Y Karen sintió que el Hombre Gris se estremecía… reunía fuerzas y las redirigía. Karen cerró los ojos.
De inmediato percibió lo que Michael llamaba las puertas y ángulos del mundo… un despliegue de posibilidades que, a la vez, estaba allí y no estaba, y cómo podía moverse por él. Y también sintió los lugares caóticos, los mundos no creados y los muertos y entrópicos.
Walker la rodeó con los brazos. Ya era un abrazo de verdad, un abrazo mutuo.
Karen escuchó la voz débil de Michael.
—¿Mamá?
Karen comprendió lo que Walker pretendía… y lo que ella debía hacer.
Se apartó hasta que sólo se tocaron sus manos, y les recorrió una corriente eléctrica cálida. Walker esbozó una sonrisa. Karen sintió la fuerza hiriente de su desdén, y pensó: «Yo también conozco esos lugares».
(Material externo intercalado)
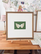 This original work by Camilla Moss is an acrylic butterfly painting on canvas matted and framed in a custom gold frame, ready for hanging. Frame measures approximately 15.5" x 15.5".

—No vas a quedarte con él —dijo.
Walker dudó un instante.
Karen le miró fijamente a los ojos vacíos y grises.
«Un empujoncito», pensó, «hacia esta abertura… un agujero en el mundo justo detrás de él, y hacia las ráfagas y silbidos del remolino del caos».
Sintió la frialdad del portal, mayor que la de aquel callejón invernal.
Se lanzó hacia delante y empujó a Walker con todas sus fuerzas. El Hombre Gris cayó hacia atrás… y su imagen se le quedó grabada como un sueño: el Hombre Gris, Walker —su tío destrozado—, que se salía del tiempo por completo; el último gesto de su rostro… que no fue de sorpresa ni de miedo sino de algo que Karen identificó, en aquel instante ingrávido, como gratitud… como si le hubiese regalado algo, o le hubiese devuelto una posesión robada y muy valiosa.
Karen parpadeó, dio un grito ahogado y cayó detrás de él.
¡Qué frío! Caos y entropía salvaje y una nada muerta y aleatoria: así era el agujero que había abierto para él, y Karen no logró sujetarse para no caer detrás…
Pero sintió manos sobre ella, manos cálidas que la sujetaron bruscamente… y la puerta titiló y se cerró… y no quedó nada más que el callejón, esa noche invernal en concreto, la luna cenicienta y Michael y Laura, que lloraban con ella.